Improve patron address parser to better map data to the patron_record_address table
Sierra has a mechanism for parsing the free text entered into patron address fields in the client into separate fields for elements such as city/state/postal code that exist in the patronrecordaddress table. Those distinct fields may then be searched in create lists or utilized in SQL queries. However, the algorithm used to parse out those data points is extremely rigid in terms of the data it expects to see and is quite prone to mapping data incorrectly if an address entered into a patron record does not conform to those guidelines.
For one common example in our system if an extended zip code is entered in any format other than #####-#### (say using a space instead of the hyphen, or just including a space before or after the hyphen for that matter) then the city/region/postal_code fields will all be lumped together in the city field, leaving the region and postal_code as NULL. Similar issues can occur if extra lines are used to separate out these elements in the client.
This leads to issues with searching patron records in create lists, and can lead to quite difficult query needs in SQL (not to mention an enormous amount of confusion for any third party vendors that are expected to work with query results).
The parser should be improved to at least account for some of these more common data entry scenarios.
-
MEEP candidate for the Sierra 6.7 release*
* This idea will require implementation across multiple Sierra releases.Functional Requirements (what does it need to do?)
● Accepts ZIP+4 formats: #####-####, ##### ####, #####—####, ##### - ####, ##### - ####.
● Normalizes to #####-####.
● Ignores whitespace variations.
● City and region/state fields correctly populated.
● Identifies address_line1 and address_line2.

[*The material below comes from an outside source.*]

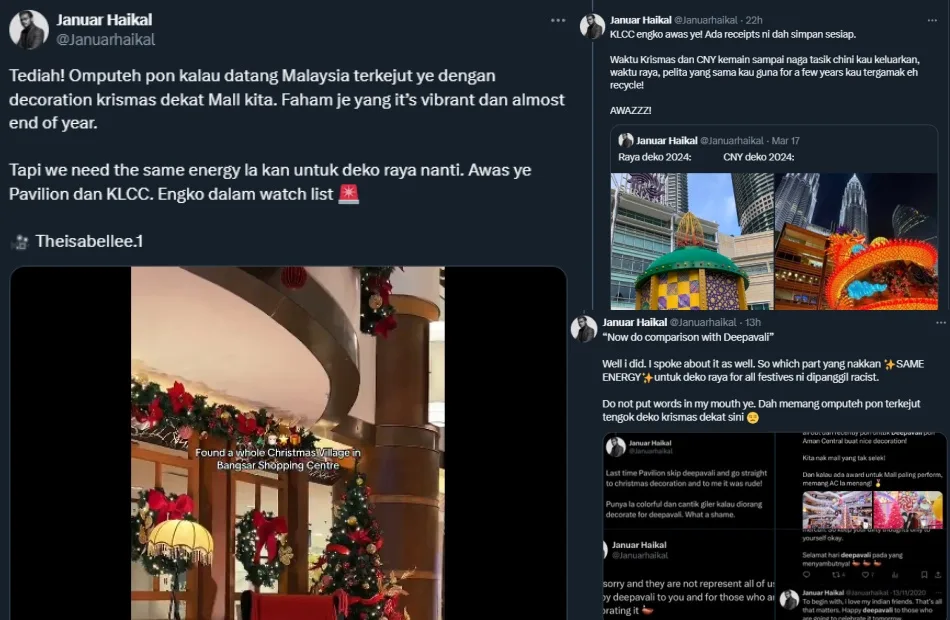 The man also brought up the time when certain malls skipped the Deepavali celebrations and went straight to Christmas in 2023. His post went viral and sparked debate among netizens. Some agreed with his points, saying that each holiday’s mall decorations should be just as festive and extravagant. Others argued that this may be a case of sponsorship, as establishments can also profit from Christmas and year-end sales, hence the attractive decorations.

● Parses city, region/state, ZIP even if placed on separate lines.
● Supports no-comma entries using token pattern detection.
● Trims whitespace.
● Normalizes punctuation.
● Standardizes casing on city and region/state.
● Country detection logic configurable.
● Normalizes valid patterns.
● Parser generates confidence scores.
● Prompts display when below threshold.
● Quick-edit preview provided.
● Existing records unchanged.
● New parsing applies only on add/edit.
● Create Lists and SQL behaviors remain intact.

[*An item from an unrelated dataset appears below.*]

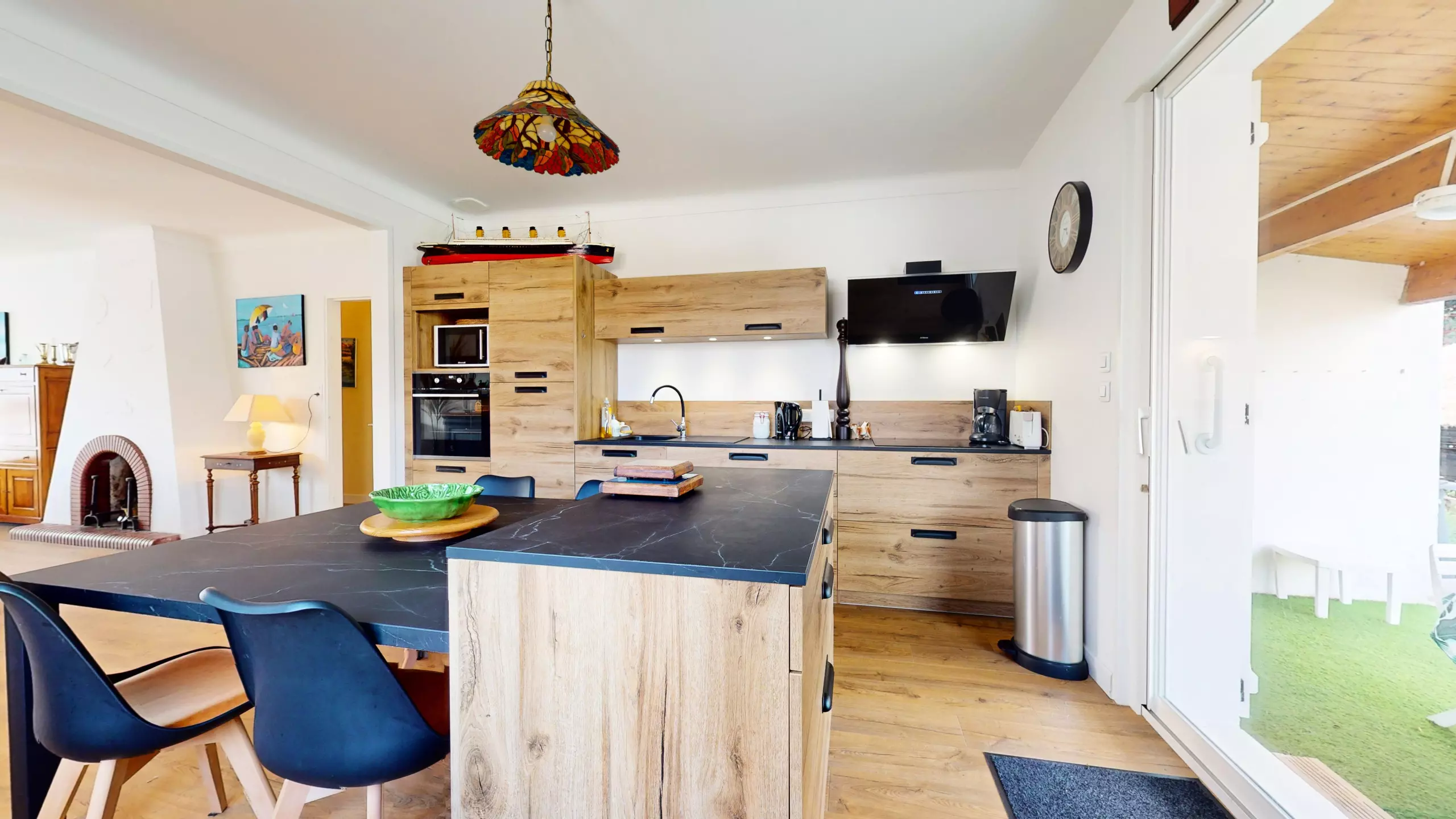 The villa features a bright living and dining room with a large table for meals with family or friends, as well as a kitchen equipped with everything aspiring chefs need: induction hob, oven, microwave, dishwasher, coffee makers, and much more.

● Accepts Canadian postal codes (A1A 1A1).
● Accepts UK postal formats.
● Accepts Australian postal formats.
● Accepts New Zealand postal formats.
● Support plug-in pattern libraries for more countries.
● Bulk reparse tool for legacy addresses.(Edited by admin) -
Jeremy Goldstein
commented
After a bit more experimenting I found another common occurrence that can lead to similar behavior. The parser seems to want the city and state to share a line of the address, and to either be separated by a comma, or for the state abbreviation to have both letters capitalized.
"Boston, Ma" works as does "Boston MA". However "Boston ma" or "Boston Ma" does not.
-
Jennifer Nicolotti
commented
I agree with all of the points Jeremy makes and more. We allow customers to self-register and we also have over 300 staff members that create customer records manually. One simple typo in the address fields can throw off the entire address and make it unusable both searching within Sierra, as well as sharing this data with 3rd party applications who can't parse our data because of the errors in the format.
-
Philip McNulty
commented
Having a sound foundation for our patron data is important in a variety of our functions, from reporting, to 3rd party integrations, to patron communications. Sierra's weirdly flexible patron input forms require strong back-end tools to make sure this data is correct, and this idea will improve those tools.
-
Ruth Souto
commented
The normalization of zip codes is important to ensure accuracy in the patron record and in the cases where notices are still physically mailed (we have quite a few that are) to ensure that the notice gets delivered by the USPS. Staff typos happen, if we could prevent those from slipping through, our patron database would be more useful and efficient.